I see two interesting points in this argument: (1) is there a purely algebraic proof of the last part? I haven’t thought very hard about this yet, but it would be nice to have one; (2) the appearance of the fourth moment of $latex \rho$ is nicely reminiscent of the Larsen alternative (see Section 6.3 of my notes on representation theory, for instance…)
no doubt I am missing something, but why can’t rho of g sometimes have trace zero? (This calculation reminds me of one I had to do a while ago with L^1 norms of characters)
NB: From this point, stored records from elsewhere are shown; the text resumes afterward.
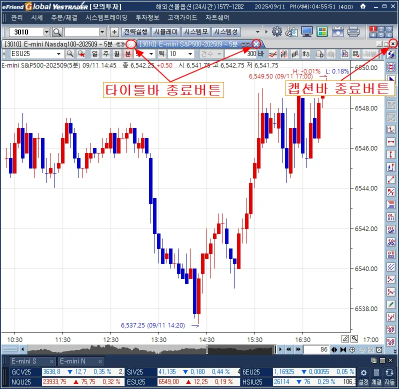 종료버튼화면의 타이틀탭의 종료버튼은 해당 화면만을 종료하고
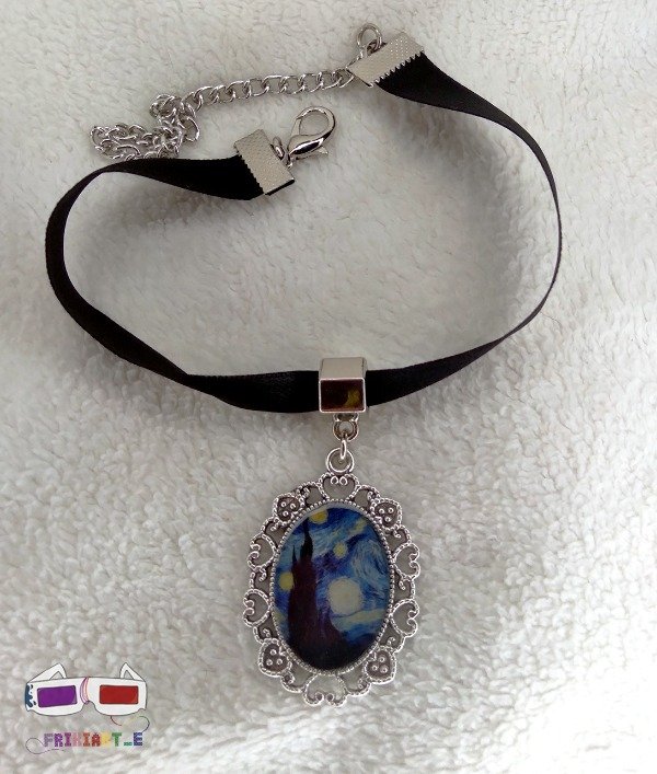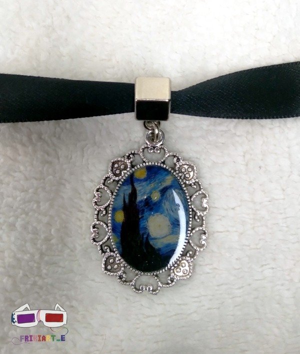 Choker artesanal de cinta gruesa de doble faz con camafeo de fantasía que contiene la pintura "Noche Estrellada" de Vincent Van Gogh, es una clásica pintura del postimpresionismo. El camafeo esta realizado en resina artesanalmente. Contiene terminación con cadena y mosquetón.
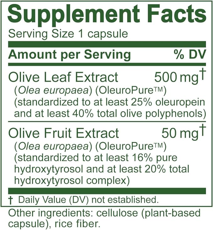 - 40% POLYPHENOLS — Super-strength 500mg Per Capsule (not “per serving”) of olive leaf extract. All 500mg is standardized to at least 25% pure oleuropein and 40% total olive polyphenols.
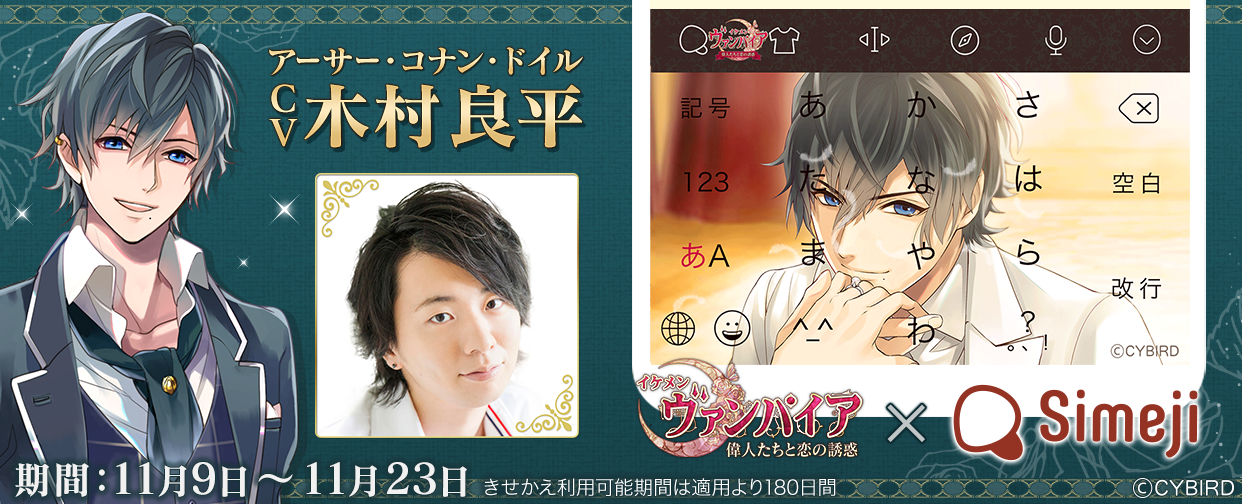 バイドゥ株式会社(本社:東京都港区、代表取締役社長 Charles Zhang)が提供する日本語入力&きせかえ顔文字キーボードアプリ「Simeji」(iOS、Android版)は、本日より、大人気恋愛ゲーム「イケメンヴァンパイア◆偉人たちと恋の誘惑」の登場キャラクター「アーサー・コナン・ドイル(CV:木村良平)」のボイス付きオリジナルきせかえデザインを提供開始します。

You’re right that I was a bit too fast — the argument goes through if the group is a connected Lie group (the function |Tr(rho(g))|^2 is continuous and the equality implies that its value is either 0 or d^2 at any point, and so it must be constant, and equal to d^2 since it is a non-zero representation), but it might not work otherwise. (I’ll look for counterexamples in finite groups…)
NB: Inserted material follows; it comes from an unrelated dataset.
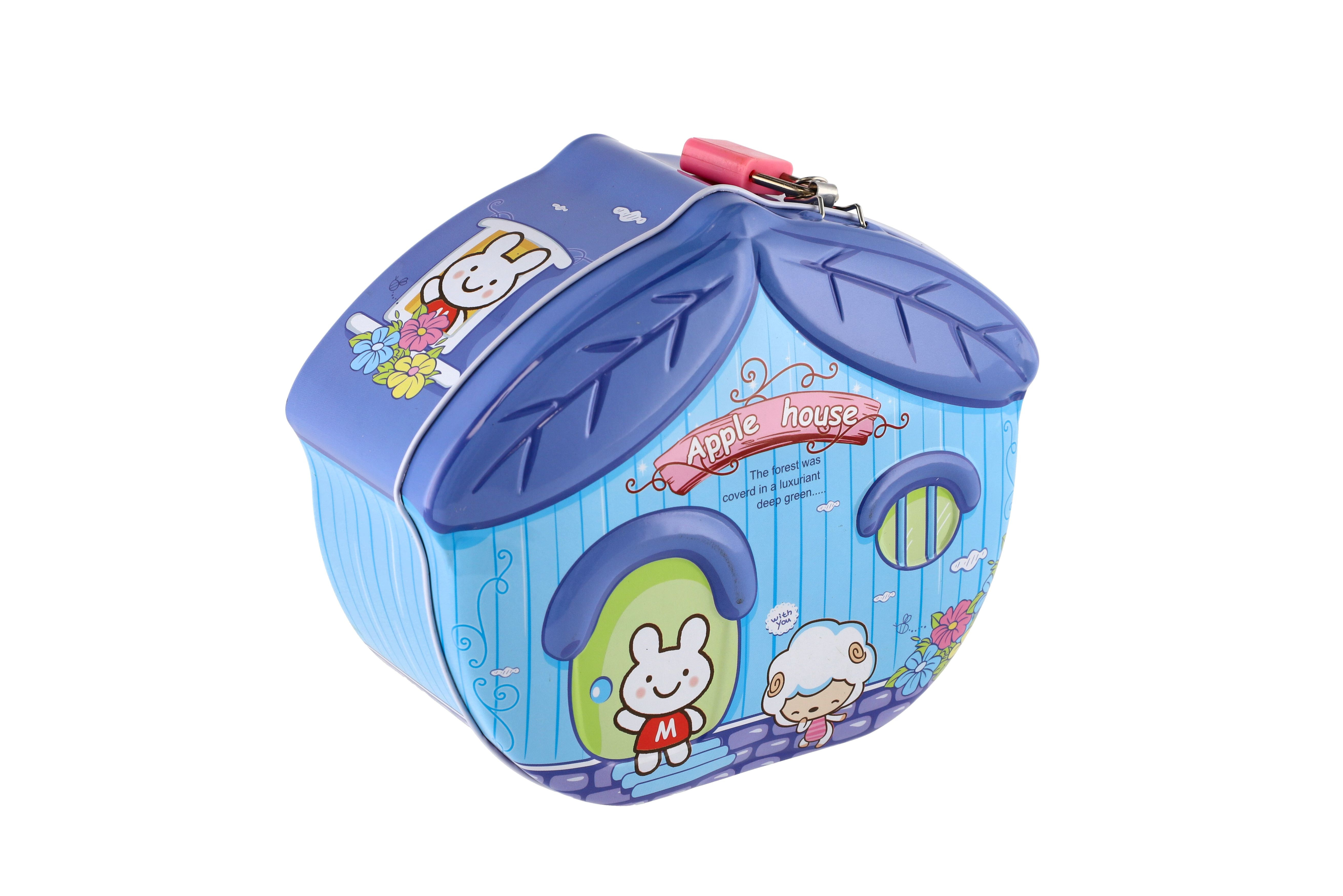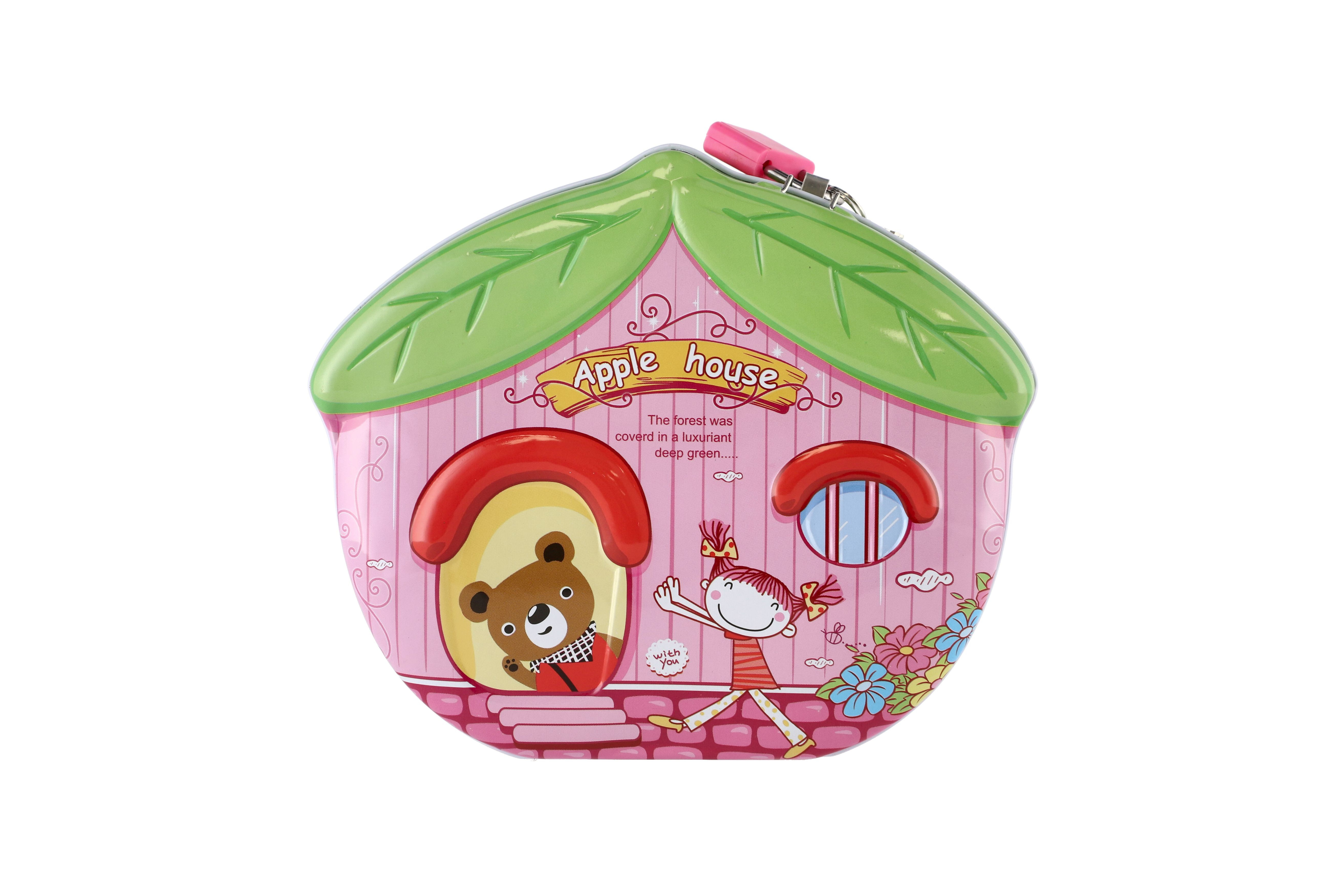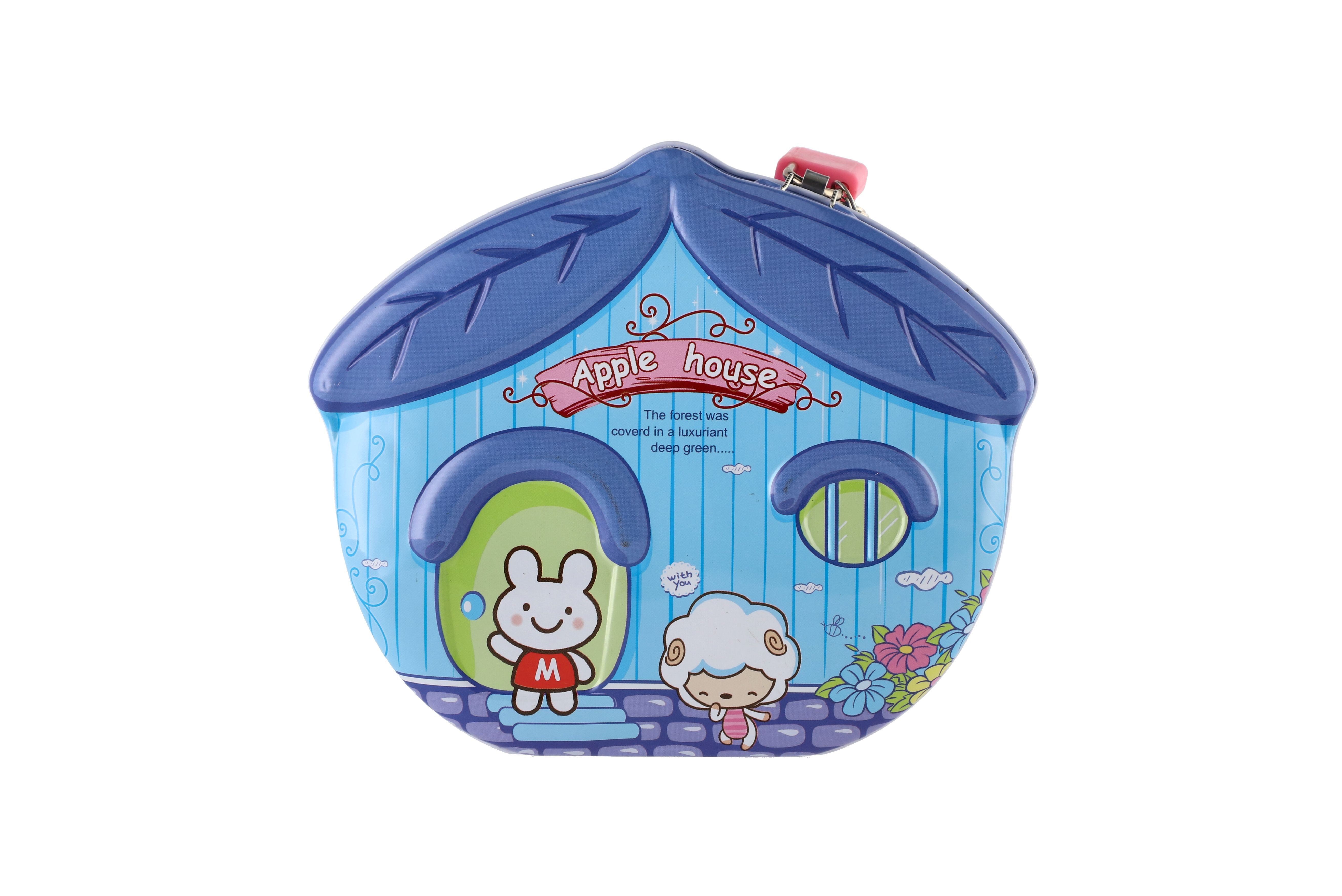 Teddies Pokladnička domeček plechová se zámkem 16x8cm 3 barvy v sáčku

Indeed, if one takes a dihedral group of order 8, the unique 2-dimensional representation has |tr(rho)|^2 taking values 0 and 4, and it is the direct sum of the four one-dimensional characters! Thanks for catching this…
I think this is an algebraic version of what you wrote down in the last step, although I can’t see why it is completely parallel:
Let $\chi(g) = Tr (\rho(g))$. Now $\pi(g)$ acts on End(V). Consider a weighted average of these maps: $$\int_G |\chi(g)|^2 \pi(g) dg$$
This is an endomorphism of End(V) that projects onto the subspace fixed by all $|\chi(g)|^2 g$. Thus its trace is the dimension of the fixed subspace, which has dimension at most $d^2$.
On the other hand, the trace of this operator is also $\int_G |\chi(g)|^4 dg$, which is $d^2$ as you have argued.
So every endomorphism of End(V) is fixed by $|\chi(g)|^2 g$. This implies that for any $v \in V$,
$|\chi (g)|^2 g \cdot T(v) = T(gv)$
Take $g$ to be the identity, we see that $|\chi(1)|^2 = 1$, meaning that $\rho$ is dimension 1 to start with.